> AVAILABLE RECORDS:
[Start of section]
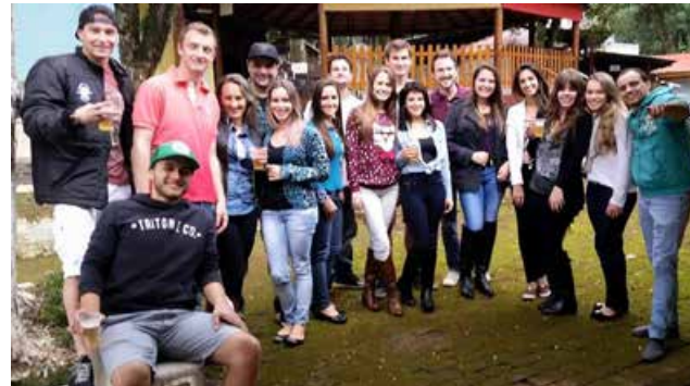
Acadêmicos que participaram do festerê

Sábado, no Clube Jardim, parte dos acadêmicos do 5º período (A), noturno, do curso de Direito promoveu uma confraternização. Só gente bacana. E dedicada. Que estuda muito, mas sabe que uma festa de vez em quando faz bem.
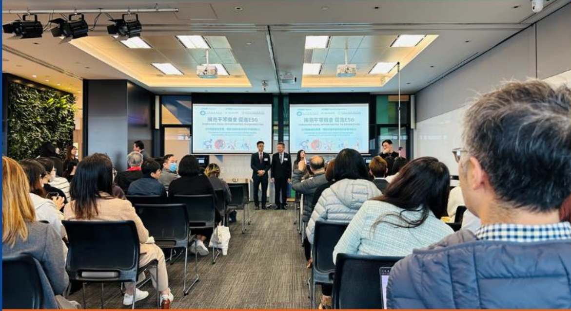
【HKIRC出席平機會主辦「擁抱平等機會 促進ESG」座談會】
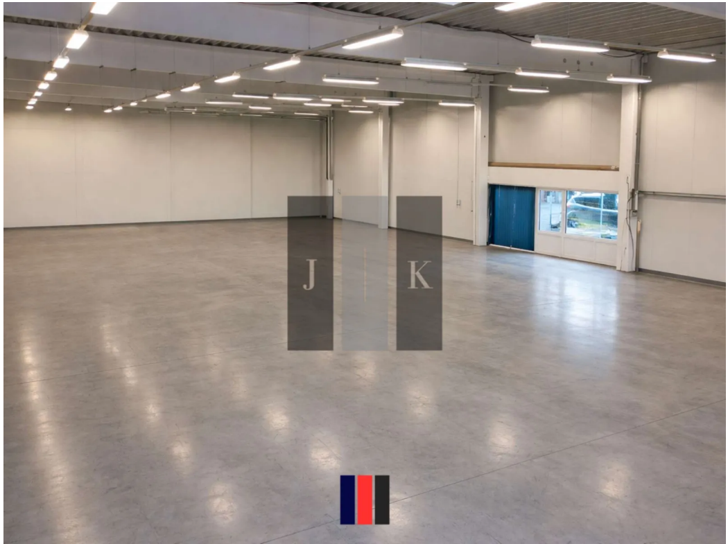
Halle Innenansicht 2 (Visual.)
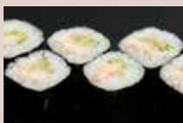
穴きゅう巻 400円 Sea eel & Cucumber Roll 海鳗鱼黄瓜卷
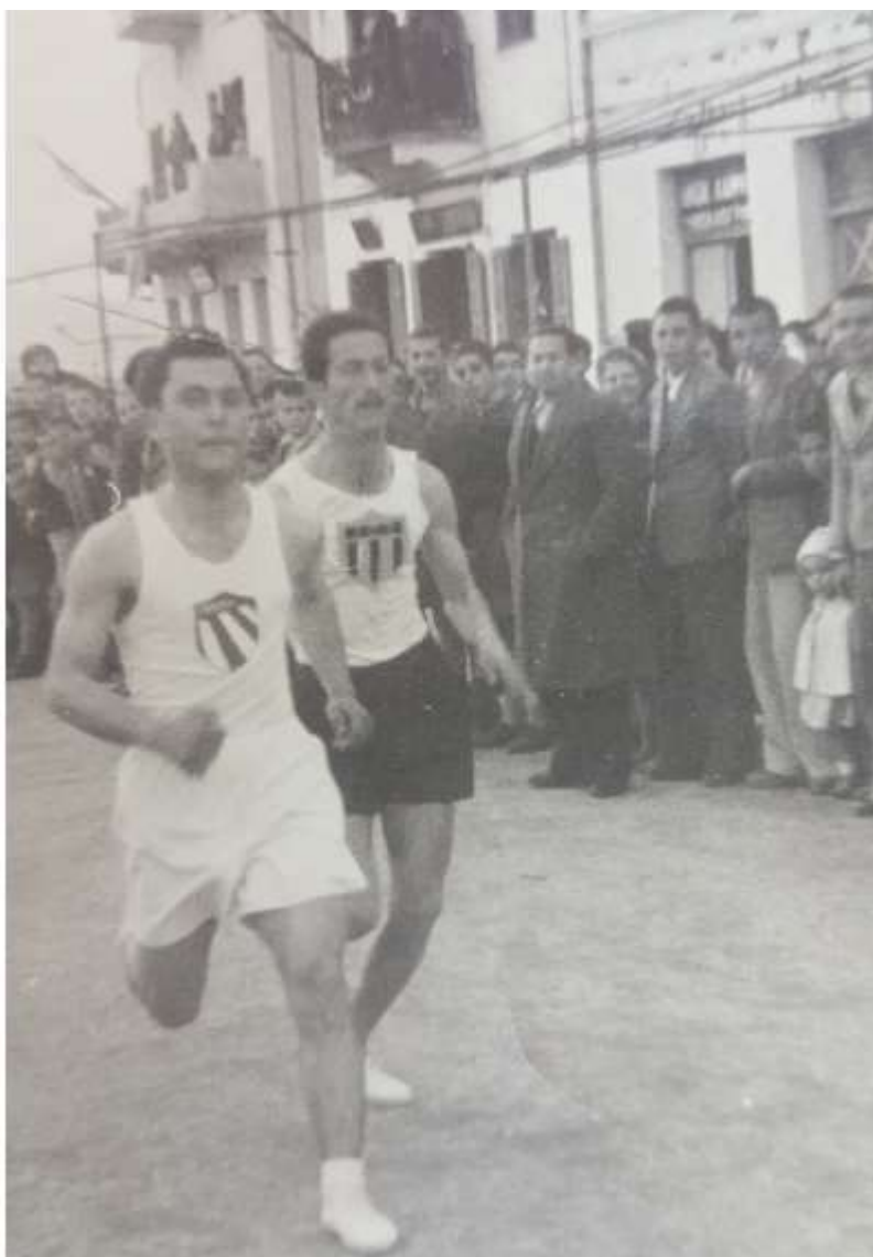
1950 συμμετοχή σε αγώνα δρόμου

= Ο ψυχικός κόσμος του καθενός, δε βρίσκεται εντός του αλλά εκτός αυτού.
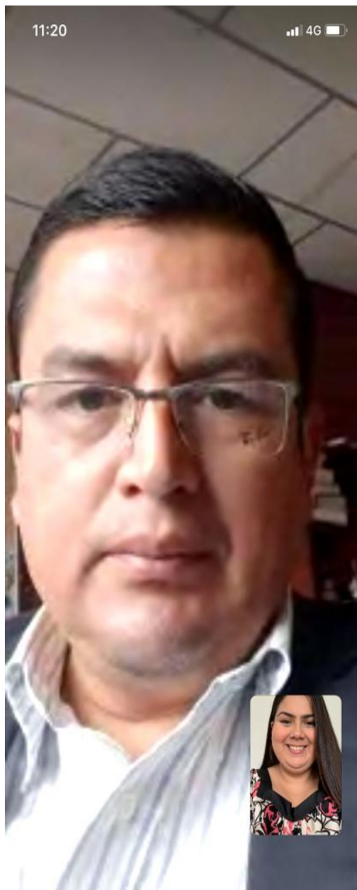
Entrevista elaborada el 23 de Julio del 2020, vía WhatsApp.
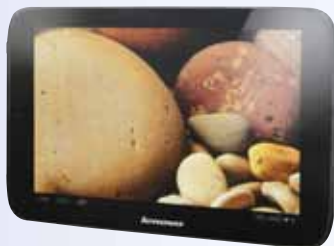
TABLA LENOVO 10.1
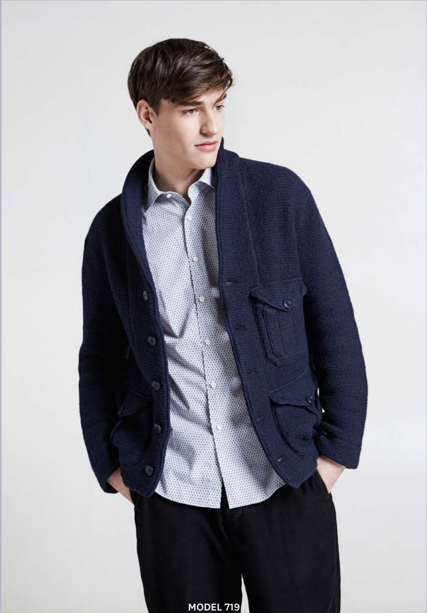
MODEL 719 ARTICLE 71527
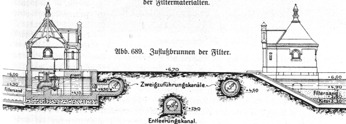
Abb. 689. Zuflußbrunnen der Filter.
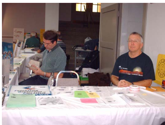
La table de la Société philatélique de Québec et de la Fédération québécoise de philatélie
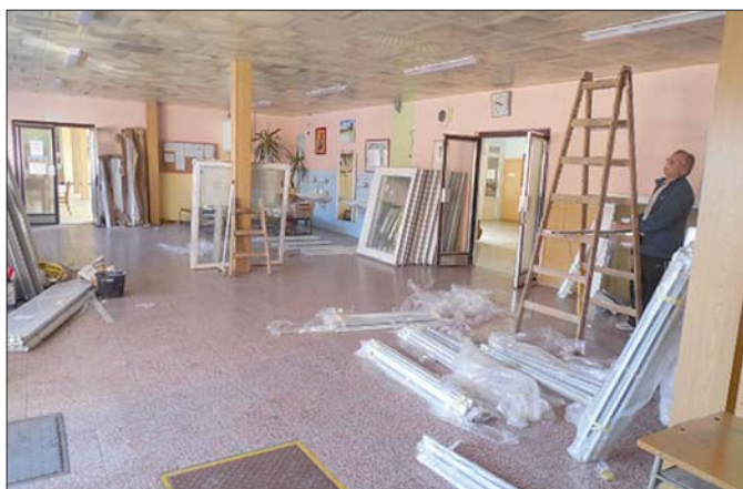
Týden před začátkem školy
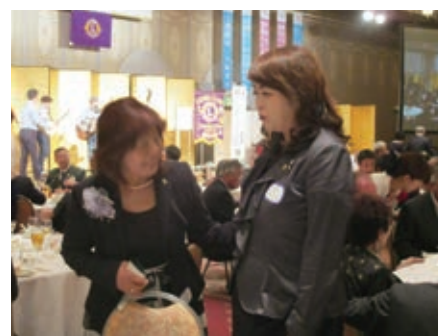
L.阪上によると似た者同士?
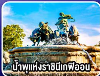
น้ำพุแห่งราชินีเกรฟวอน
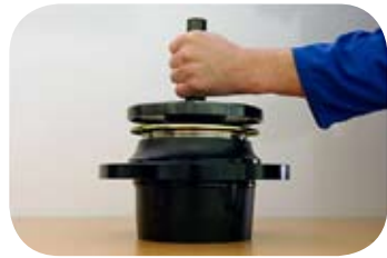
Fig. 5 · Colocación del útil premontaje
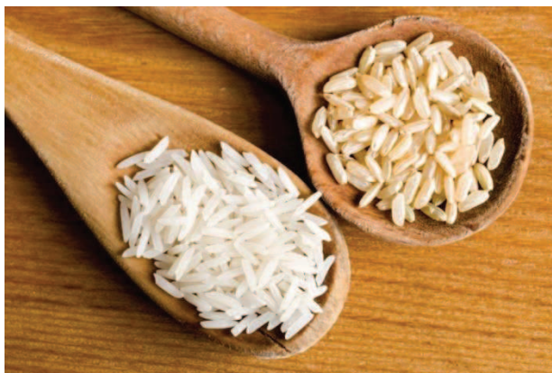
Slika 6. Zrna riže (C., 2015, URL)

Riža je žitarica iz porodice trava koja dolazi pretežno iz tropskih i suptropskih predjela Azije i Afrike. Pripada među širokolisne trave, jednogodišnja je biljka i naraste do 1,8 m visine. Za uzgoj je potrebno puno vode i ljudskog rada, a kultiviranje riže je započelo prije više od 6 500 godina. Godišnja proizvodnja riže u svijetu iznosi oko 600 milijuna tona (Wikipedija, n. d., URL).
[End of section]
[Start of section]
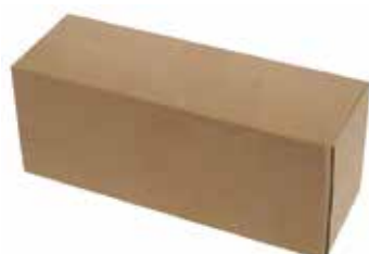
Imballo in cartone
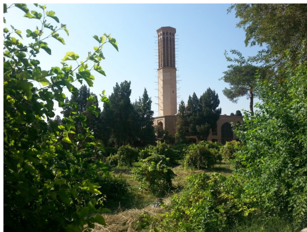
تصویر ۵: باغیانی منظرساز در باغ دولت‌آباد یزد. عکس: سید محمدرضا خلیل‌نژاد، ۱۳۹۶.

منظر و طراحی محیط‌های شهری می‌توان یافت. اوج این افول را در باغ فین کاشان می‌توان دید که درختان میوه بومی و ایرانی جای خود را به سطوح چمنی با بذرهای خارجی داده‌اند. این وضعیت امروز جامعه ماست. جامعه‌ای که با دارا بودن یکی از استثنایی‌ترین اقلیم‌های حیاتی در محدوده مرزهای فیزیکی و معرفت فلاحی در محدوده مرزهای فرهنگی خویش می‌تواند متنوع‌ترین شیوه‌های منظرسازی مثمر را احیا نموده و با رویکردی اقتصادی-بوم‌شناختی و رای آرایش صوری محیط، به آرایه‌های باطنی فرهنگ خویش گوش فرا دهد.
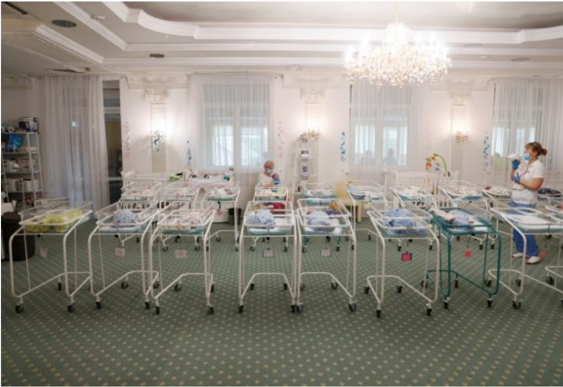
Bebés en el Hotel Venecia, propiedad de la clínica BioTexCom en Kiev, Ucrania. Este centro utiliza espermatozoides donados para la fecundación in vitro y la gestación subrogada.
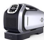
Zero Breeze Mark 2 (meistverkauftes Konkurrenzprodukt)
[End of section]
> ASSIGNMENT: When copying from the data above, print only the lines from the line containing "Acadêmicos que participaram do festerê" to the line containing "Riža je žitarica", exactly, and leave the pictures out.

> REPLY TO THE EXERCISE:
Acadêmicos que participaram do festerê

Sábado, no Clube Jardim, parte dos acadêmicos do 5º período (A), noturno, do curso de Direito promoveu uma confraternização. Só gente bacana. E dedicada. Que estuda muito, mas sabe que uma festa de vez em quando faz bem.
【HKIRC出席平機會主辦「擁抱平等機會 促進ESG」座談會】
Halle Innenansicht 2 (Visual.)
穴きゅう巻 400円 Sea eel & Cucumber Roll 海鳗鱼黄瓜卷
1950 συμμετοχή σε αγώνα δρόμου

= Ο ψυχικός κόσμος του καθενός, δε βρίσκεται εντός του αλλά εκτός αυτού.
Entrevista elaborada el 23 de Julio del 2020, vía WhatsApp.
TABLA LENOVO 10.1
MODEL 719 ARTICLE 71527
Abb. 689. Zuflußbrunnen der Filter.
La table de la Société philatélique de Québec et de la Fédération québécoise de philatélie
Týden před začátkem školy
L.阪上によると似た者同士?
น้ำพุแห่งราชินีเกรฟวอน
Fig. 5 · Colocación del útil premontaje
Slika 6. Zrna riže (C., 2015, URL)

Riža je žitarica iz porodice trava koja dolazi pretežno iz tropskih i suptropskih predjela Azije i Afrike. Pripada među širokolisne trave, jednogodišnja je biljka i naraste do 1,8 m visine. Za uzgoj je potrebno puno vode i ljudskog rada, a kultiviranje riže je započelo prije više od 6 500 godina. Godišnja proizvodnja riže u svijetu iznosi oko 600 milijuna tona (Wikipedija, n. d., URL).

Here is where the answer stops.